* **Your task**: Take nothing but the lines from the one with "Stability rankings of" through the one with "为深入贯彻习近平新时代中国特" in the entries below, both ends kept, and return them exactly with pictures left out.

* **Excerpted records**:
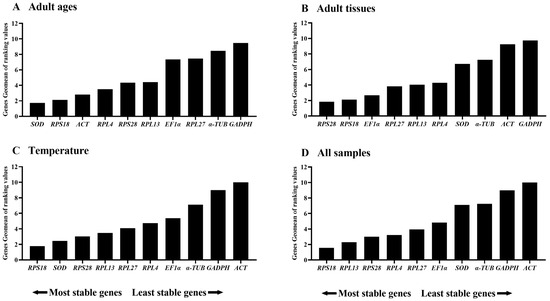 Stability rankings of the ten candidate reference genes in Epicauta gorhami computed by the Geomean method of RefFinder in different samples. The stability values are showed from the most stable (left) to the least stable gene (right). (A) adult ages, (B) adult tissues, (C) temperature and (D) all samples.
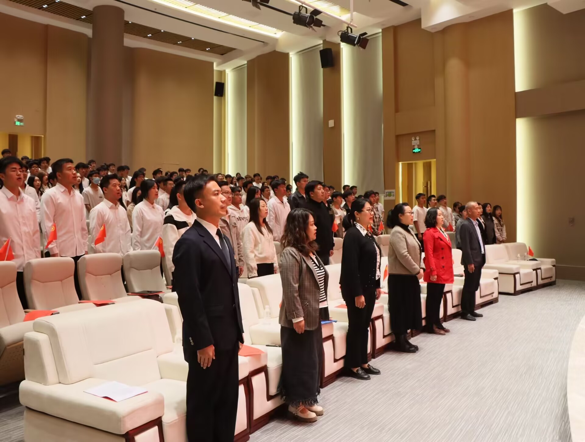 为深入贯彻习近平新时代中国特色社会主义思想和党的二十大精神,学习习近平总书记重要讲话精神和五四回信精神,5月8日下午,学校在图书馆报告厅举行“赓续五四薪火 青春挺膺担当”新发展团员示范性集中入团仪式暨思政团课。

--

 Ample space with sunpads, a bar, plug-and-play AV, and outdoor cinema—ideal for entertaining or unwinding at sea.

---

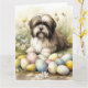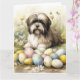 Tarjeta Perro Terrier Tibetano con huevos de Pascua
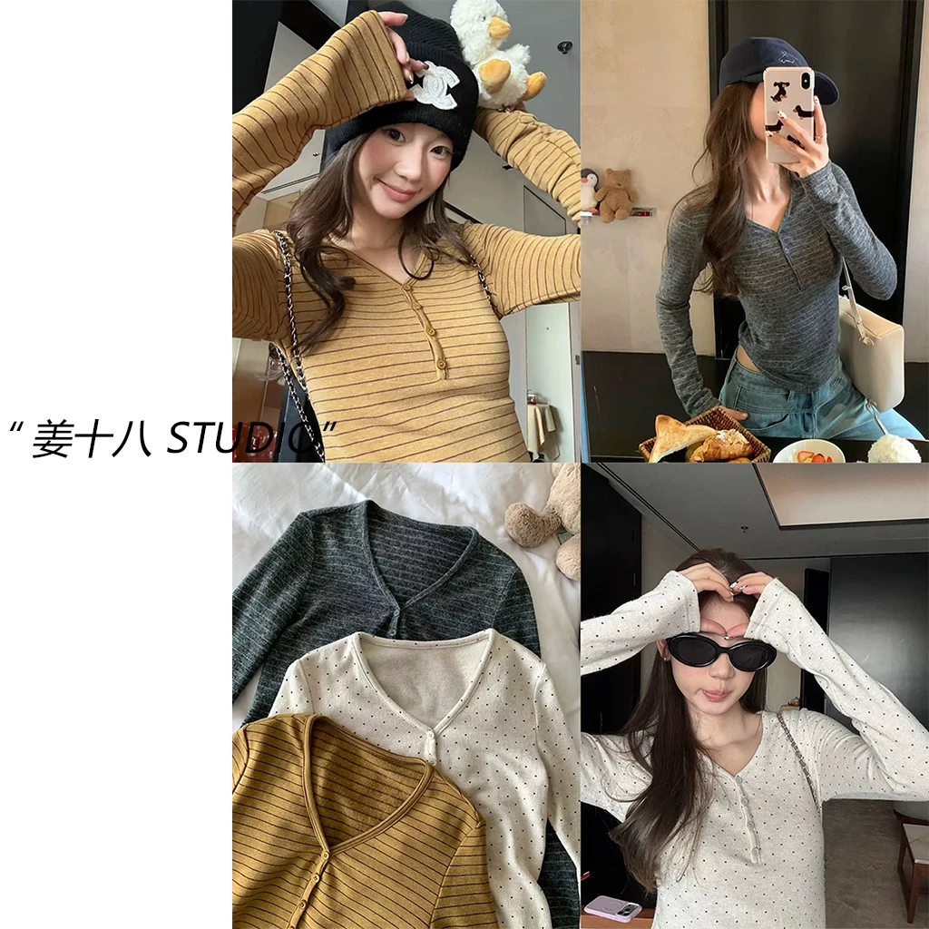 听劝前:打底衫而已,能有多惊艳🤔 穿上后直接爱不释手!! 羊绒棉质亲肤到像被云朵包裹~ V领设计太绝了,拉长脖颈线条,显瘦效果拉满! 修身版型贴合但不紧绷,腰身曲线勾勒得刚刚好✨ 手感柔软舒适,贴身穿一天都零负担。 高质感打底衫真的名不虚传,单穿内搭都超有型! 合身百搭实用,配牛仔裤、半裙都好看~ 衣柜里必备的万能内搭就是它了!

* **Solution to the exercise**:
 Stability rankings of the ten candidate reference genes in Epicauta gorhami computed by the Geomean method of RefFinder in different samples. The stability values are showed from the most stable (left) to the least stable gene (right). (A) adult ages, (B) adult tissues, (C) temperature and (D) all samples.
 为深入贯彻习近平新时代中国特色社会主义思想和党的二十大精神,学习习近平总书记重要讲话精神和五四回信精神,5月8日下午,学校在图书馆报告厅举行“赓续五四薪火 青春挺膺担当”新发展团员示范性集中入团仪式暨思政团课。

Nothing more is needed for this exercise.